Comparative effects of various tocotrienol isomers

Activity	References
• γ-T3 is 30X more active than α-T3 or δ-T3 in inhibiting cholesterol biosynthesis in     HepG2 cells	[67, 96]
• γ-T3 is more active than α-T3, and δ-T3 in oxidation of lipids and protein in     brain mitochondria	[246]
• α-T3 exhibits faster lymphatic transport & higher absorption in rats than γT3 & δ-T3	[146]
• γ-T3 is more active than α-T3, and δ-T3 in oxidation of lipids and protein in liver     microsomes	[93]
• γ-T3 and δ-T3 but not α-T3 inhibit growth of both ER+ and ER- breast cancer cells	[75]
• δ-T3 are more potent than other T3s in promoting apoptosis of breast cancer cells	[94]
• α-T3 was more active than γ-T3 or δ-T3 in preventing LDL oxidation in hypercholestero-     lemic humans	[158]
• γ-T3 is more active than α-T3 or δ-T3 in lowering total cholesterol in high fat diet fed     hamsters	[247]
• γ-T3 was more active than α-T3 or δ-T3 in inducing PXR-mediated gene expression	[215]
• α-T3 but not γ-T3 or δ-T3 can prevent cerebral infarction in mice	[133]
• α-T3 is more potent than other T3 as antioxidant and as a prooxidant	[183]
• α-T3, but not γ-T3 or δ-T3 exhibit neuroprotective action in rat striatal neuron cells	[248]
• δ-T3 is more active than β>γ>α-T3 in inhibiting proliferation & tube formation of bovine     aortic endothelial cells	[189]
• δ-T3 is more potent than other isomers in inhibiting VEGF-stimulated tube formation by     HUVEC	[49]
• δ-T3 is more active than α-T3, β-T3 or γ-T3 in suppression of adhesion of monocytes to     endothelial cells via VCAM-1	[95] [208]
• δ-T3 is more active than other T3 in suppression of tumors in vitro and in vivo	[82]
• γ-T3 is better than α-T3 as an anti-oxidant	[198]
• γ-T3 was more cardioprotective than α-T3 or δ-T3 but δ-T3 was most active in stabilizing     proteasomes.	[115, 118]
• δ-T3 is more active than α-T3 or δ-T3 in inhibiting DNA poly λ & angiogenesis	[210]
• δ-T3 is more active than γ-T3 and α-T3 as an antioxidant in rat liver microsomal     membranes and cells	[249]
• δ-T3 is more active than δ-T3 in stimulating ubiquitination and degradation of HMG-CoA     reductase	[250]
• 8-T3 was more active than other isomers in induces cell death in AR- and AR+ prostate     cancer cell lines	[89]
• γ-T3 is more potent than α-T3 or δ-T3 in inhibiting proliferation and inducing apoptosis     of HeLa cells	[27]
• γ-T3 is better than 8-T3 in promoting bone formation in male rats	[135]

AR, androgen receptor; ER, estrogen receptor; LDL, low-density lipoprotein; HUVEC, human umbilical vein endothelial cells; PXR, pregnane × receptor; T3, tocotrineols; VCAM-1, vascular cell adhesion molecule; VEGF, vascular endothelial growth factor;

8. Conclusion

While a lot is known about tocopherols, very little is known about tocotrienols.

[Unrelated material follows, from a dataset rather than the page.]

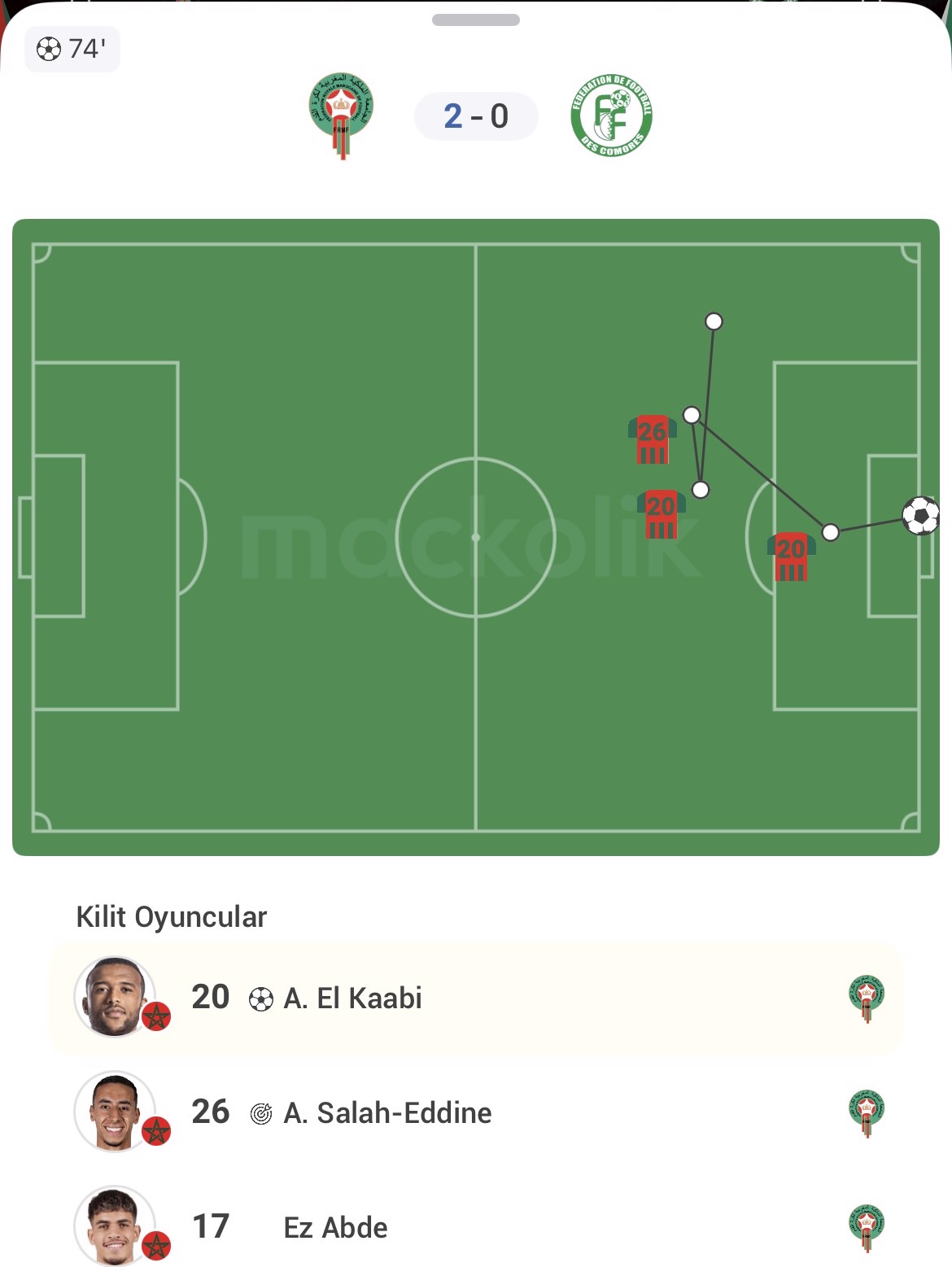 55. dakikada topu ağlarla buluşturan Diaz, FasKomorlar karşısında öne geçirdi. El Kaabi, 74. dakikada kaydettiği golle maçın skorunu belirledi.

There is some evidence, however, that tocotrienols may be superior in its biological properties, and that its anti-inflammatory and antioxidant activities could prevent cancer, diabetes, and cardiovascular and neurodegenerative diseases (Fig. 4). Tocotrienols were discovered a half century ago, but most of their biology has been revealed only in the last decade. More clinical and preclinical studies are needed to fully realize their potential. Disappointment with tocopherols, as indicated by two recent very large randomized controlled clinical trials for prevention of prostate cancer [196], is growing as it fails to meet expectations. These trials showed that there was a statistically nonsignificant increased risks of prostate cancer in vitamin E (a-tocopherol acetate) group. Similar negative results were previously reported with vitamin E when its effect was examined on cancer cardiovascular events [197]. Are tocotrienols, the vitamin E that we should be investigating in the 21^st century?